Many Believe Market Is Oversold So What Will Happen

In reading a number of strategists' take on the current market technicals, it seems many believe the market is oversold and due for a bounce.
 Updated: 11/18/2012 3:43pm
As Tiho Brkan notes on his website, The Short Side of Long, "when it is obvious to the public, it is obviously wrong." As the below chart shows, the University of Michigan Sentiment indicator appears to indicate a pretty positive sentiment level.

From The Blog of HORAN Capital Advisors

The American Association of Individual Investors sentiment release this past week saw a significant decline in investor bullish sentiment. The bullishness level fell 9.68 percentage points to 28.82%. The bull bear spread came in at -20 versus the prior week spread of -1.4. It should be noted this contrary indicator tends to be most accurate at extremes and it is not uncommon for a bottom market to turn when the bullishness level falls to the low 20's or even into the teens as one can see in the below chart.

From The Blog of HORAN Capital Advisors

Certainly, the market can bounce in the short run. The below chart of the S&P 500 Index includes the percentage of stocks selling above their 50 day moving average and currently stands at 23%.

From The Blog of HORAN Capital Advisors

I do believe the market could see a bounce short term; however, resistance will likely be reached at S&P 1,382, which is the 200 day moving average for the index. In Tiho's recent article, and well worth reading he notes, "despite a decently strong sell off, Investor Intelligence proportion of bearish advisors has not risen meaningfully. From intra day high of 1474 towards intra day low of 1343, [the] S&P 500 has lost almost 10% and yet it is difficult to find a true bear out there. Various market participants continue to talk about bottoms and buying opportunities, neglecting deterioration in growth and earnings discussed above."

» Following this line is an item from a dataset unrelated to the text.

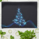 Blue Shine of Stars on Christmas Tree Dark Tea Towel
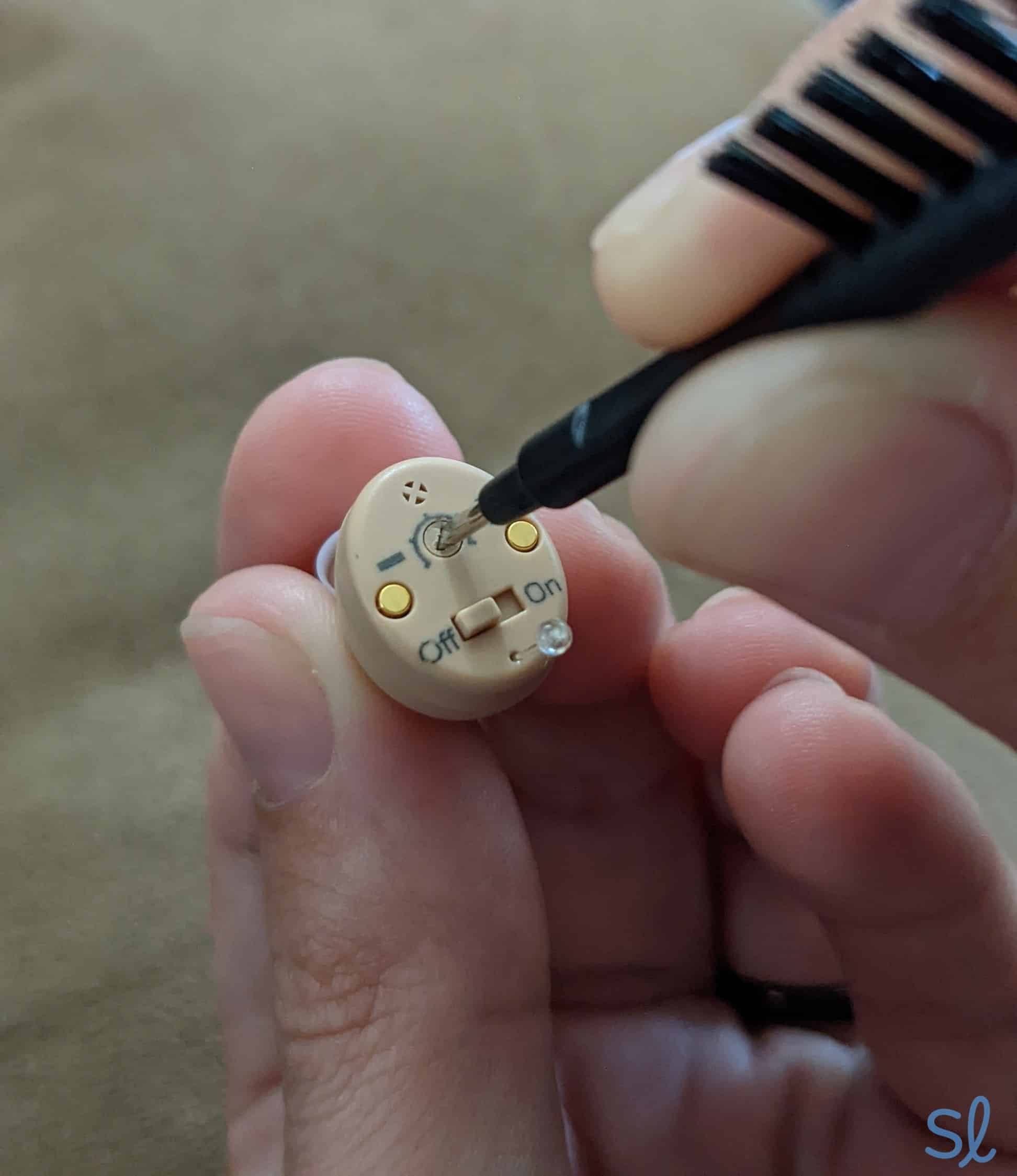 Using the brush/screwdriver combo tool to adjust the volume on the Atom hearing aid.

In this enviroment, investors should focus on high quality companies that have the ability to grow their earnings in spite of near term economic and political uncertainties. It is the political uncertainties in the U.S. and the euro zone that may be weighing most on the markets at this time. If Congress some how agrees to a solution that avoids the fiscal cliff, that is more than kicking the can down the road again, the market would likely respond quite favorably.